For abstract artist Martha Thorn, diligence and dedication to her craft are paramount — but excessive planning is something to avoid. She prefers to paint intuitively, focusing on materials and the process of making, allowing meanings and underlying themes to reveal themselves slowly, sometimes after she has finished a piece. “Later, I may find connections between my work and quotidian details, such as something I noticed on a daily walk,” she explains. “Stripes I’ve recently felt compelled to paint turned out to be fencing put up during protests that I turned on its side.” In one such painting entitled Climb for Optimism, stark yellow stripes that very nearly evoke the shade and shape of crime scene tape instead feel bright, sunny and reaching. Even the blood-red tones that threaten to dominate acrylic pouring sections of the piece meet their match in bright pools of color mixing blues, pinks and greens that draw the eye.
“Periodically sweep all of the ‘shoulds’ floating around your studio into a pile. Inspect them closely and decide which can stay and which need to be gingerly placed in the trash can.”
This juxtaposition of hard-edged geometric abstraction with fluid art and graffiti-leaning elements that Thorn has become known for was certainly not planned, nor was it present in her earlier work. In fact, when she first left her job as a graphic designer to paint full time, she felt she had to completely separate the two disciplines in order to be successful as a painter.

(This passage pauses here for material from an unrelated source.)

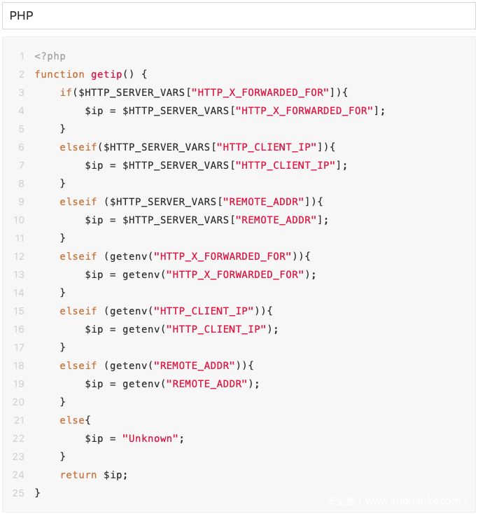 攻击者有意或无意上传存在风险的代码块,经过互联网中的扩散,使得在搜索引擎中存在较大优先级,开发在搜索相应功能的实现时,很容易直接将代码贴入项目,这就带来了风险的引进。最有代表为PHP中getip函数,该函数可以很轻易的通过修改请求头来修改用户IP,结合其他代码逻辑也可能引入SQLi及XSS问题。

But upon visiting a Whitney Biennial, she was so struck by the diverse skill sets used to make all the work on exhibit that she made the decision to incorporate her graphic design experience into her painting practice. It was a turning point for the North Carolina artist, who has since grown to embrace experimentation more widely, finding joy in the freedom from constraints that painting non-objectively allows. For Thorn, it’s all about process and being present enough to fully experience and appreciate the physicality of her materials — the particular properties of spray paint, inks, paint, pen, and within acrylic paint, the differences in body and fluidity. She says it is from that space that she can get her bearings and begin to create with abandon. “Then I start to ‘clean up,’ hopefully reducing the chaos in a painting by just one degree so that it becomes a successful, cohesive painting bordering on the brink of disaster,” explains Thorn. “The dichotomies of chaos and peace, dirty and clean, ugliness and beauty are recurrent themes in my work.”
Tell us about a piece of your work that’s especially meaningful to you?

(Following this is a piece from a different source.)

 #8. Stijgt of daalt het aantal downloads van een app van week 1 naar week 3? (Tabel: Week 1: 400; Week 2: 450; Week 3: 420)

“A Girl Called Whisper comes to mind. My husband and I took my mother-in-law to breakfast at a diner one morning. Our young waitress' name tag said, ‘Whisper.' At first, I thought it was a beautiful name, but just as quickly, I realized that a boy would have never been named that. And it upset me thinking that this girl had been silenced from birth with a name that was also a command. Months later, when I was studying a small yet ‘loud' piece, filled with high-chroma color, I realized that I had made a painting that could shout for her. And though she will never know, it was fulfilling. It frequently happens that I make connections to events only after I've made work encompassing them. I treasure those moments.”
If you could meet any artist (living or dead) who would it be and why?
“I’d want to meet one of the Ice Age artists whose eight-miles long, 12,000-year-old cliff paintings were discovered recently in Colombia. I'm fascinated with artifacts and would be interested to hear a first-hand account of the process and the reasons behind the creation of the paintings. I would ask her if she made images to serve as documentation or if they were instead a by-product of a sacred act of making.”
Was there a particular teacher who has influenced your work?
“Judith Duffy was a drawing instructor I had in art school. She encouraged and pushed me, which is why I have strong drawing skills. But more than that, she painted with her own blood, which opened for me the infinite possibilities of art.”
How have your life choices impacted your development as an artist?
“Moving to large cities had a significant impact on my art, as I visited museums multiple times. For instance, living in (rather than visiting) DC allowed me to see Woman by de Kooning at the Hirshhorn more than once. Having the luxury of studying a few pieces per visit, I was able to look at the artists' processes and details that I might have missed otherwise. Being able to scrutinize works in person was vital in helping me develop as a painter.”